EXERCISE DIRECTIONS: Going through the material below, output exactly the lines from the one containing "Weitere Bauwerke sind" through the one containing "코피 아난 유엔 사무총장(오른쪽)이", and no pictures.

RECORD SET:
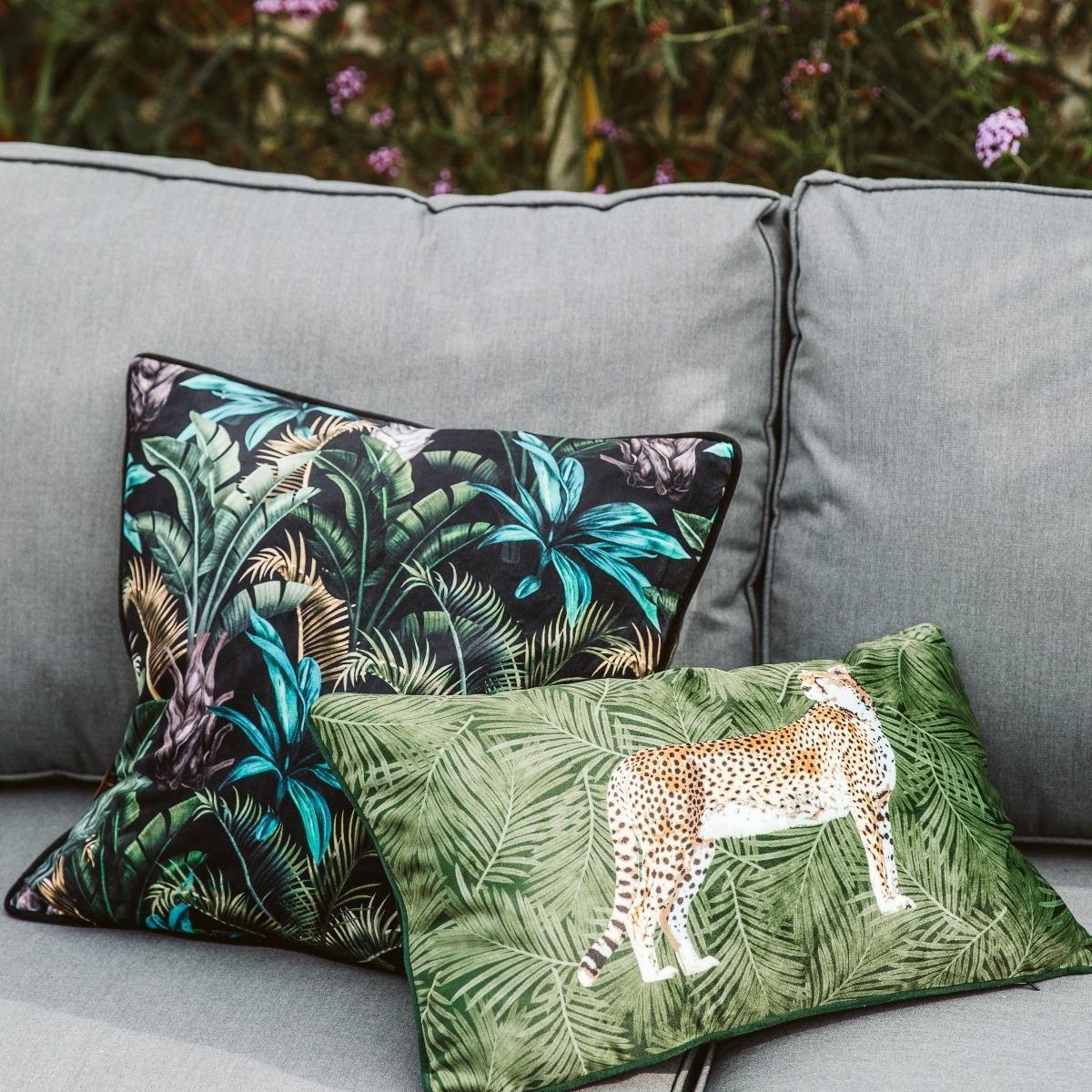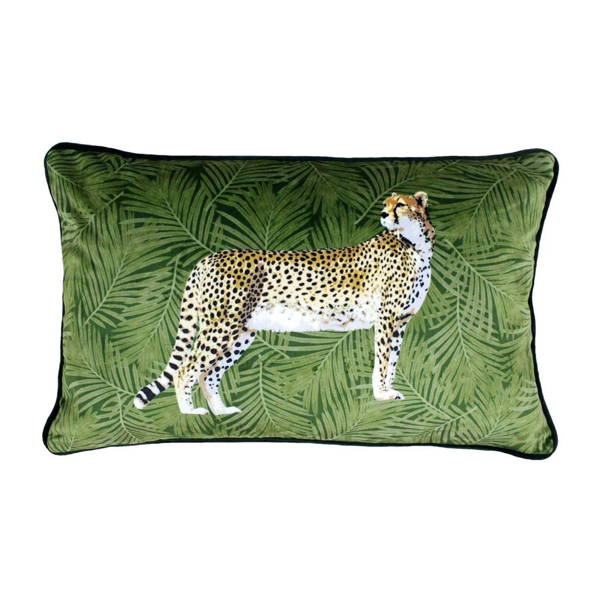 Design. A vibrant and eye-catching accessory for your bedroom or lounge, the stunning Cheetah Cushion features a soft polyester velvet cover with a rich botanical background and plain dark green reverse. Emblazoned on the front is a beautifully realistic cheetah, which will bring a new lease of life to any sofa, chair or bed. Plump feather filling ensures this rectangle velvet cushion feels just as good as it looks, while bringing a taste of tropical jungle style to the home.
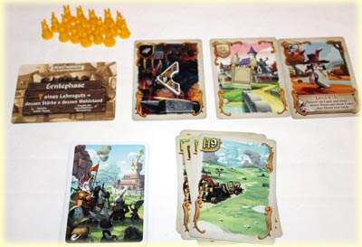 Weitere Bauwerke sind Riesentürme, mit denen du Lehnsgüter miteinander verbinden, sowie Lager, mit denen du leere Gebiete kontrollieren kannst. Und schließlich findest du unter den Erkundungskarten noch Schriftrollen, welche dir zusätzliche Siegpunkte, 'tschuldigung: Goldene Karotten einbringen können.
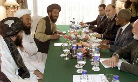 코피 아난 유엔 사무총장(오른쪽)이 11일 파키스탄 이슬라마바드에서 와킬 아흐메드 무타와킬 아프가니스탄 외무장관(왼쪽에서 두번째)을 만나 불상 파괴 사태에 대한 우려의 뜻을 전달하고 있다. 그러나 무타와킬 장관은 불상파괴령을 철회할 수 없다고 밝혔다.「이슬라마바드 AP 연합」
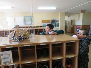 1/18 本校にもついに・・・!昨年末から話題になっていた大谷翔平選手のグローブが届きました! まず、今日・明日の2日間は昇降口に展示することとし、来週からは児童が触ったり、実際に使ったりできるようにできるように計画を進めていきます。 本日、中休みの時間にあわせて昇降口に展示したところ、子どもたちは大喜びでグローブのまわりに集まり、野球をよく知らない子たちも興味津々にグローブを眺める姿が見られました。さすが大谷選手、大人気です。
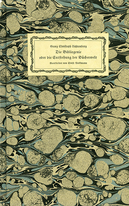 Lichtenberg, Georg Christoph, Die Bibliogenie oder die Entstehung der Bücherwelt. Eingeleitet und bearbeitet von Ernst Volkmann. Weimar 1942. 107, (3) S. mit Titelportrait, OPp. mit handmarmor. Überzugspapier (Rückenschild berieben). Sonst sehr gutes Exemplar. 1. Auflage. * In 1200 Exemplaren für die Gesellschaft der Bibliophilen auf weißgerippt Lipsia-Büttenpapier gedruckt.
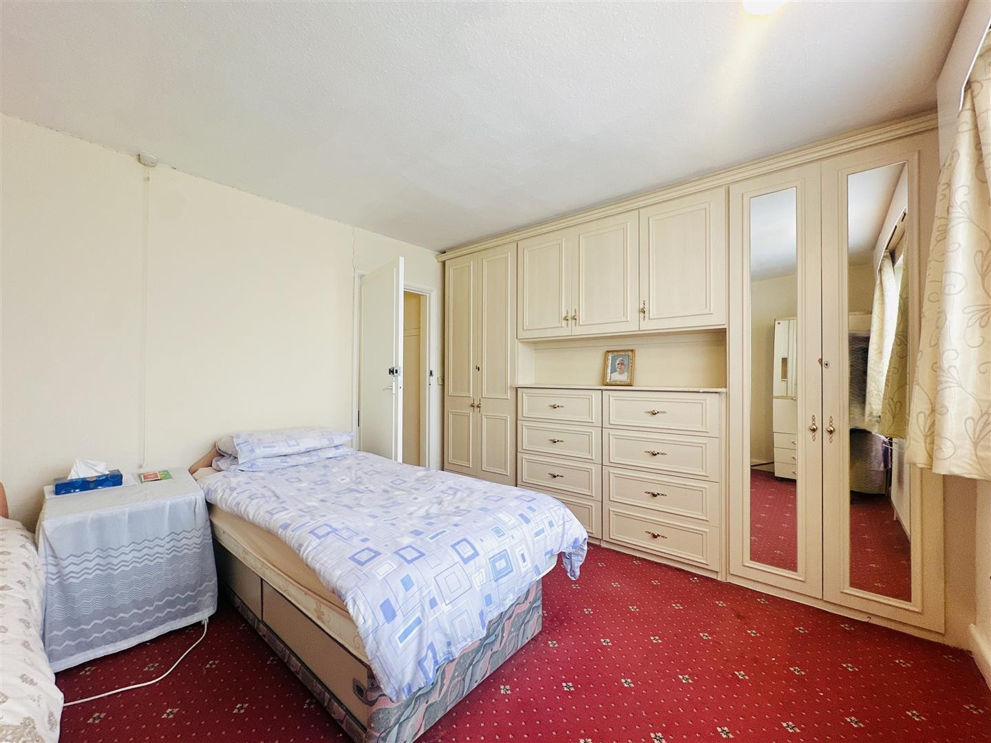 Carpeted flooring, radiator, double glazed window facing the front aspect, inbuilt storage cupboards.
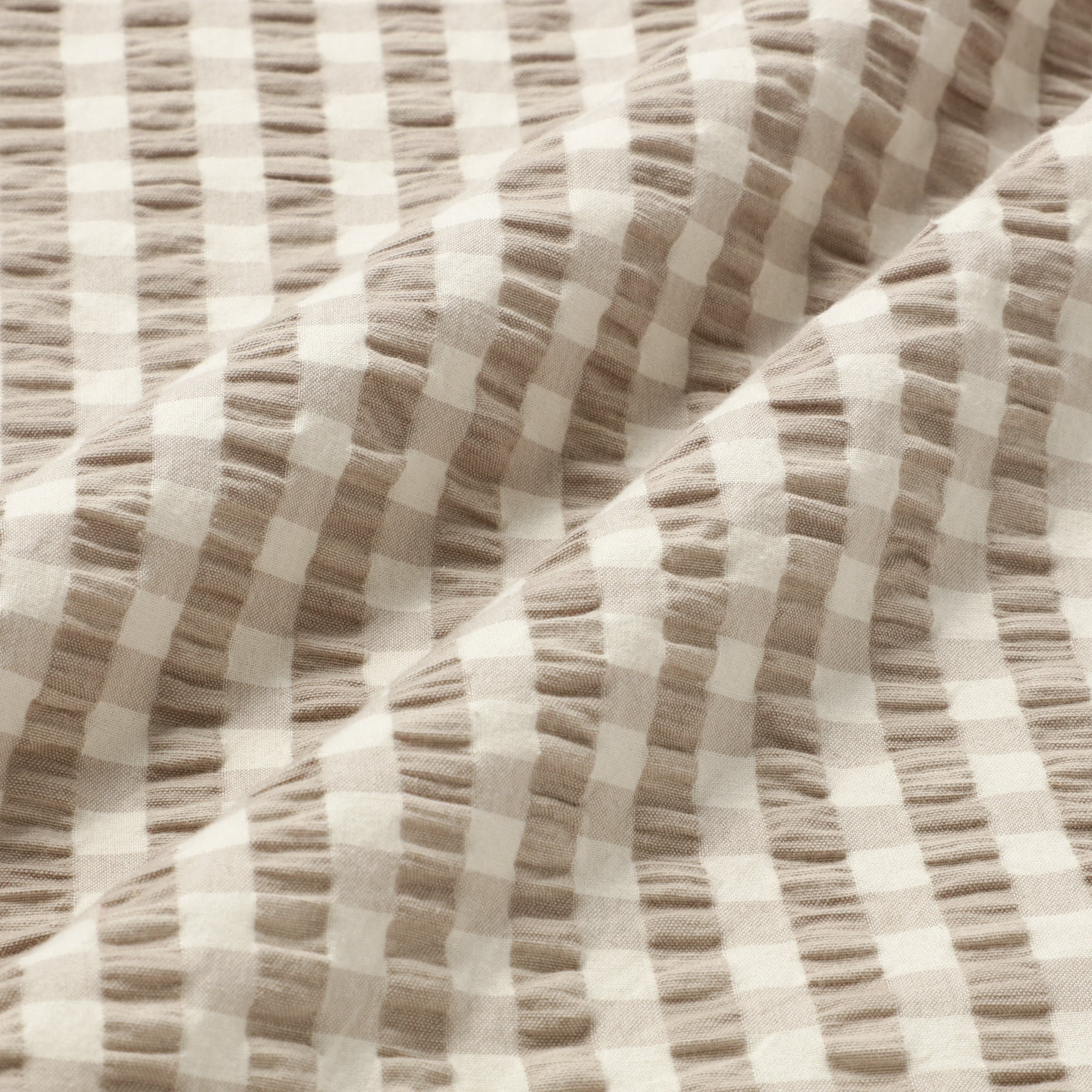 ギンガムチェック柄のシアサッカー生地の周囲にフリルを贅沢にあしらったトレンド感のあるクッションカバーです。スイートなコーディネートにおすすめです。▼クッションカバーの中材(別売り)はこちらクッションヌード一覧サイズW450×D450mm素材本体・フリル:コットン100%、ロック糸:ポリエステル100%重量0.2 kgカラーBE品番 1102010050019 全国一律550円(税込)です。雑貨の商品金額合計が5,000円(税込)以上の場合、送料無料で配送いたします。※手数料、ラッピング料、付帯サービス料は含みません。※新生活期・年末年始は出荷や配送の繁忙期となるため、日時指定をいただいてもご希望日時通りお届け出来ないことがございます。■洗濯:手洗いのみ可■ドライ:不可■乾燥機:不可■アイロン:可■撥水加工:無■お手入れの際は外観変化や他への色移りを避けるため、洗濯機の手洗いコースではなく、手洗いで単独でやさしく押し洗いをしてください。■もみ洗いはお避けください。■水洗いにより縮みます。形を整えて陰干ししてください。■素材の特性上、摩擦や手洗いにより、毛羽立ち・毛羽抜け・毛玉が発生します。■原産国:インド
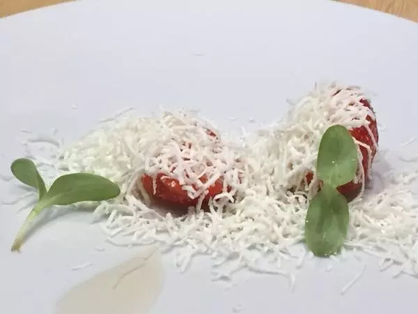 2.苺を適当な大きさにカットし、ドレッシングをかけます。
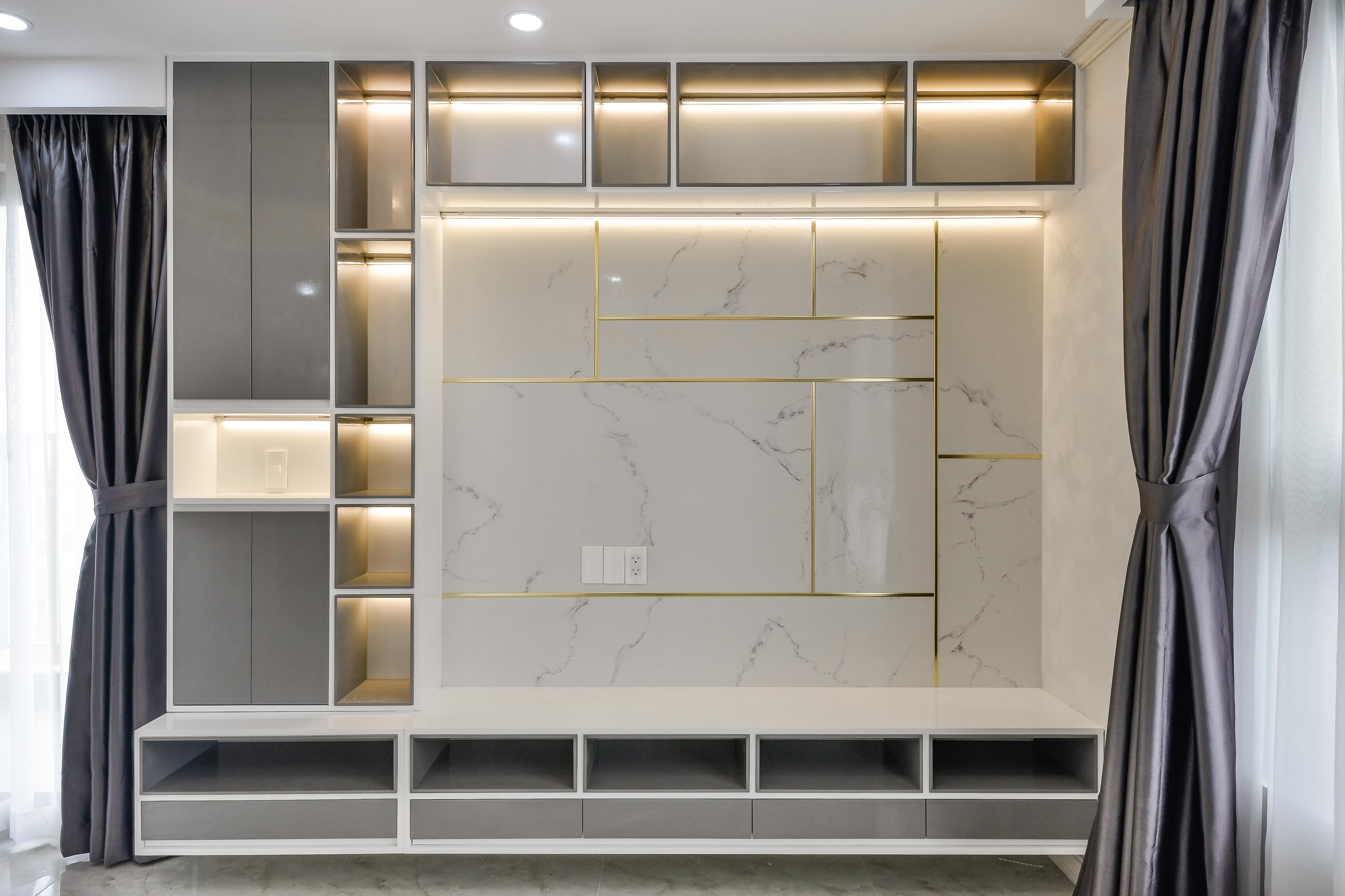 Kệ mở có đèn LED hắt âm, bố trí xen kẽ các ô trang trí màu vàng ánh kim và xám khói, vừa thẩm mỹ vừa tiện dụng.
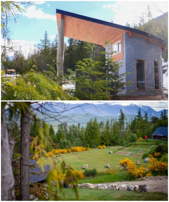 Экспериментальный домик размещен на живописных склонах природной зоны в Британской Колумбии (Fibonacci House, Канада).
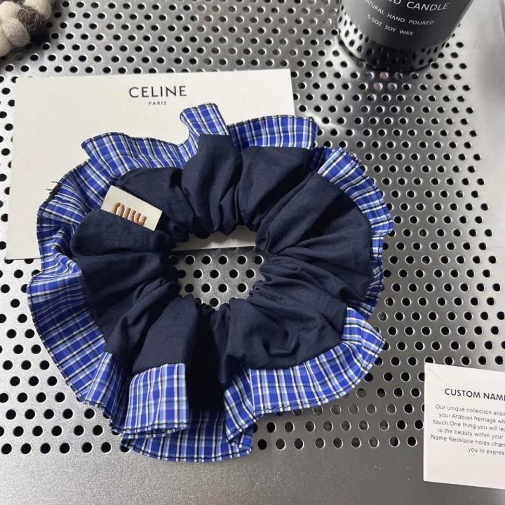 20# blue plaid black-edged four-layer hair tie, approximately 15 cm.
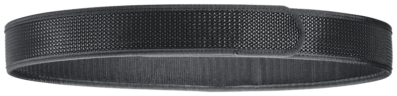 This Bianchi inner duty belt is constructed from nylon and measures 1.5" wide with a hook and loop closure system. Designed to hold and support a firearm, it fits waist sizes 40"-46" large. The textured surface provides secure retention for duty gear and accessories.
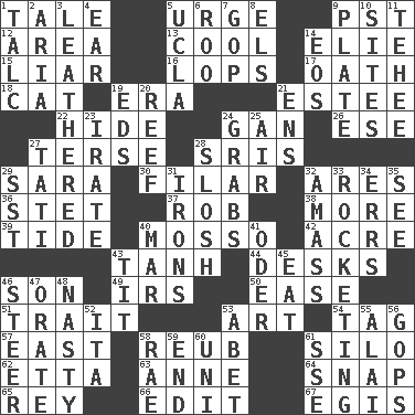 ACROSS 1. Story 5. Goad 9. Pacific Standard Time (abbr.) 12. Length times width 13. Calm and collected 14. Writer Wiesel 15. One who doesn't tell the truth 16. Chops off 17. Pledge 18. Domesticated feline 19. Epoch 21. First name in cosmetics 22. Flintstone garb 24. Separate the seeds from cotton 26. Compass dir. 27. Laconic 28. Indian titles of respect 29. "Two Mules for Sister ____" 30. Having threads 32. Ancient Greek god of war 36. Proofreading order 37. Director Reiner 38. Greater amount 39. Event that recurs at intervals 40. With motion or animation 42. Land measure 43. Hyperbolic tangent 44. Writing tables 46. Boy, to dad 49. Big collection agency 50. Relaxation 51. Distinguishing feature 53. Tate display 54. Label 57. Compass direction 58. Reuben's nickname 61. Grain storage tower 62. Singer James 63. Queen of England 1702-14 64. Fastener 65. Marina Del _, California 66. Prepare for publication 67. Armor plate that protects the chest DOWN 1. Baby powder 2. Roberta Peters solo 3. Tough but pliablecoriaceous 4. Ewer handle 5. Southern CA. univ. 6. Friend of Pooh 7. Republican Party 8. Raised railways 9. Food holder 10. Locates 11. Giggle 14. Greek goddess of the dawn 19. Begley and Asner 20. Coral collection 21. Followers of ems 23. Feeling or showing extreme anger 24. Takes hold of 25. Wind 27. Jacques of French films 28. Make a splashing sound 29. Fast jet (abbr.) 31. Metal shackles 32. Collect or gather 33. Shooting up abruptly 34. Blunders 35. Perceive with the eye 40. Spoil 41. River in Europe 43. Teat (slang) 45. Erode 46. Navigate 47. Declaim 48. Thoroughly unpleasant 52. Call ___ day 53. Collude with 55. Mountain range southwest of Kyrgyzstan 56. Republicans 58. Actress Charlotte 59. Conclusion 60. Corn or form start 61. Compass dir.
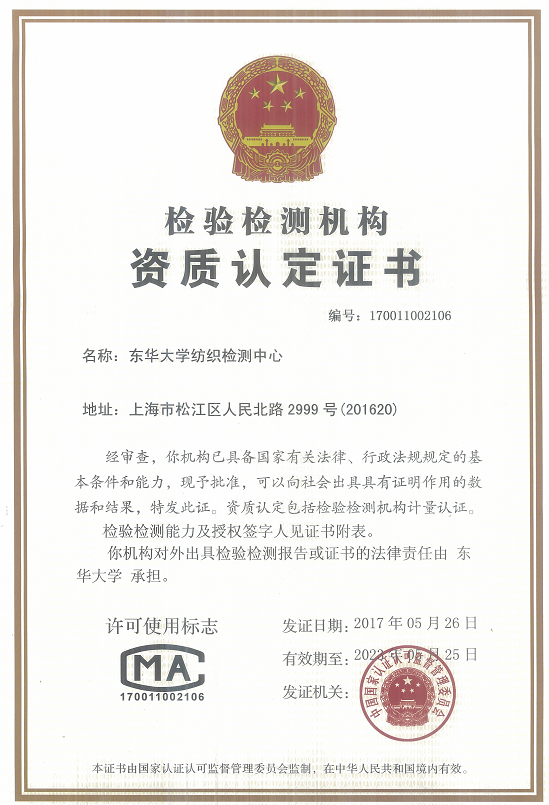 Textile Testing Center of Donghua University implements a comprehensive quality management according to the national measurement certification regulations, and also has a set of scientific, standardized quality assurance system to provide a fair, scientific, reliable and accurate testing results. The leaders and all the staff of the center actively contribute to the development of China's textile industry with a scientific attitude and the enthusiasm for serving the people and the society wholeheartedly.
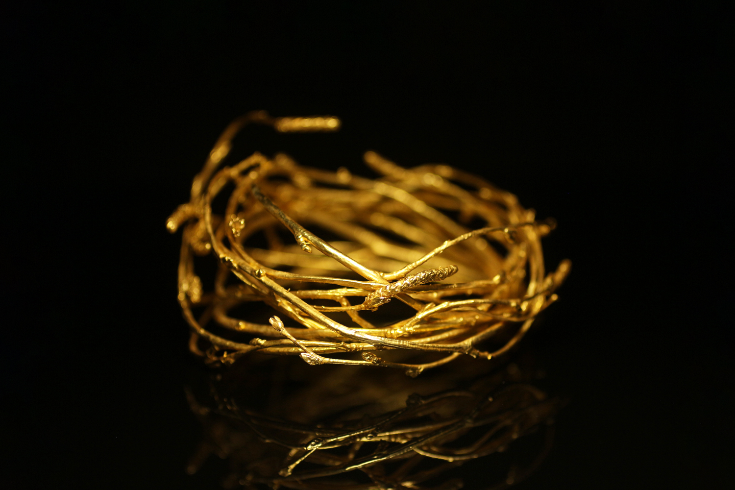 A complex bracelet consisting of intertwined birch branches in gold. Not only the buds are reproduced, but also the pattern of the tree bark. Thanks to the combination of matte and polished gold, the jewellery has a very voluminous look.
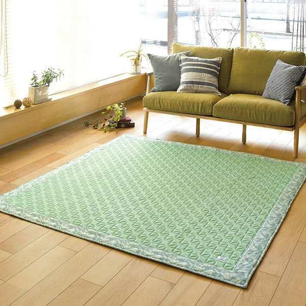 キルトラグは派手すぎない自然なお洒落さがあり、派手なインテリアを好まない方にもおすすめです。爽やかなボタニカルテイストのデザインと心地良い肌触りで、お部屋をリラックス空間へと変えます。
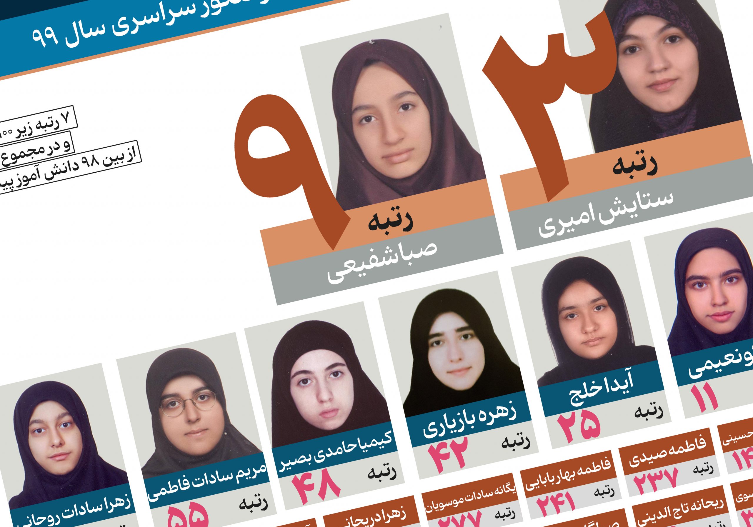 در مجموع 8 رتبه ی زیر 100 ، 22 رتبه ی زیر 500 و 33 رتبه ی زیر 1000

TASK ANSWER:
 Weitere Bauwerke sind Riesentürme, mit denen du Lehnsgüter miteinander verbinden, sowie Lager, mit denen du leere Gebiete kontrollieren kannst. Und schließlich findest du unter den Erkundungskarten noch Schriftrollen, welche dir zusätzliche Siegpunkte, 'tschuldigung: Goldene Karotten einbringen können.
 코피 아난 유엔 사무총장(오른쪽)이 11일 파키스탄 이슬라마바드에서 와킬 아흐메드 무타와킬 아프가니스탄 외무장관(왼쪽에서 두번째)을 만나 불상 파괴 사태에 대한 우려의 뜻을 전달하고 있다. 그러나 무타와킬 장관은 불상파괴령을 철회할 수 없다고 밝혔다.「이슬라마바드 AP 연합」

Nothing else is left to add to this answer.